Machine Learning assisted text analysis is still uncommon in organizational research, although its use holds promise. Most manual text analysis procedures conducted by researchers in this field are about the assignment of text to categories such as in thematic and template analyses. However, manual classification of text becomes laborious and time consuming (and sometimes subject to reliability issues) when one needs to do this for a sizeable amount (hundreds of thousands or millions) of pieces of text. An alternative is to use automatic text classification systems that can be constructed by researchers, which allow them to speed up the process of labeling or coding large sets of textual data. The design and building of text classifiers could be of use for various areas of organizational research. Our aim was to illustrate how this could be done and provide a tutorial. We used the example of building a text classifier to automatically sort job type information contained in job vacancies. The importance of validating the results of text classification was demonstrated through data triangulation, using expert input.
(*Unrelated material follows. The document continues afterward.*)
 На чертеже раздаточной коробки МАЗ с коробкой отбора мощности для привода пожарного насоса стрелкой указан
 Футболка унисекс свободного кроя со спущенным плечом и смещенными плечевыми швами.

We believe that the use of this procedure among organizational researchers can improve reliability and efficiency in analysis that involves classification.
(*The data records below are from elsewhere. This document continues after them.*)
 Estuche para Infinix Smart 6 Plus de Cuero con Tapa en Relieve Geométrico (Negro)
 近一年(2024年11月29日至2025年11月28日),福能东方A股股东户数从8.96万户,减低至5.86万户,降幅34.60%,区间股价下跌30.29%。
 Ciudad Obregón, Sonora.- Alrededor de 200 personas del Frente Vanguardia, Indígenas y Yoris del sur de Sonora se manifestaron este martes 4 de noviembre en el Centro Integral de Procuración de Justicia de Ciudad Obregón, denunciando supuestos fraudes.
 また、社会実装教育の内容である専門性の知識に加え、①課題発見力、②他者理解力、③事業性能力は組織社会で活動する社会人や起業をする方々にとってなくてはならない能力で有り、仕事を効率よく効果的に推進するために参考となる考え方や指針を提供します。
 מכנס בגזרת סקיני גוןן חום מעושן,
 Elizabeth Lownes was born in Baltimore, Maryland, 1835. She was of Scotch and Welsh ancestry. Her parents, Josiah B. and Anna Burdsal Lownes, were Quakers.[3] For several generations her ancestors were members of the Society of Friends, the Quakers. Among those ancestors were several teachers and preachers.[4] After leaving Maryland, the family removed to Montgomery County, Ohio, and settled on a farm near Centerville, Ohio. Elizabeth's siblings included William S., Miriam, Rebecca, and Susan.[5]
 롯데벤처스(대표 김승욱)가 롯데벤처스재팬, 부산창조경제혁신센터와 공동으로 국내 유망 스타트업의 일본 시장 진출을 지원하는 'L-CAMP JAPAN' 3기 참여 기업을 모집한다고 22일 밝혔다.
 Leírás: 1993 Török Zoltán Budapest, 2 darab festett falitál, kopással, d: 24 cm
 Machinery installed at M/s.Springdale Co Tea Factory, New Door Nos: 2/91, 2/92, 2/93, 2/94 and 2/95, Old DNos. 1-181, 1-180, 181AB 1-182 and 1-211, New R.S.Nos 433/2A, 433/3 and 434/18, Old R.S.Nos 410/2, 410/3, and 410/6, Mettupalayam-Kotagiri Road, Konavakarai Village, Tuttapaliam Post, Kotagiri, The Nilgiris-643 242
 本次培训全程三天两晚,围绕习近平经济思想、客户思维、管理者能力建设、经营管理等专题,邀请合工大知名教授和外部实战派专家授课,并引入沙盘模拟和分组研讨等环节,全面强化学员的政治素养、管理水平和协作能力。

What has been the most challenging aspect of conducting your research? Were there any surprising findings?
Building classifiers involves several rounds of training, testing, and validation before they can be deployed in practice and the most challenging aspect is training the classifier and choosing the parameters in such a way that the results are valid from the standpoint of application. The classifier we built for the job analysis task was able to recover job task sentences with high precision as assessed by an expert in the field, although the classifier was initially trained with minimum expert input. Our results thus suggest that job vacancies are a reliable alternative source of job information that can augment existing approaches to job analysis. More generally, we believe this also suggests that wider use of text classification holds promise for organizational research in a broader sense.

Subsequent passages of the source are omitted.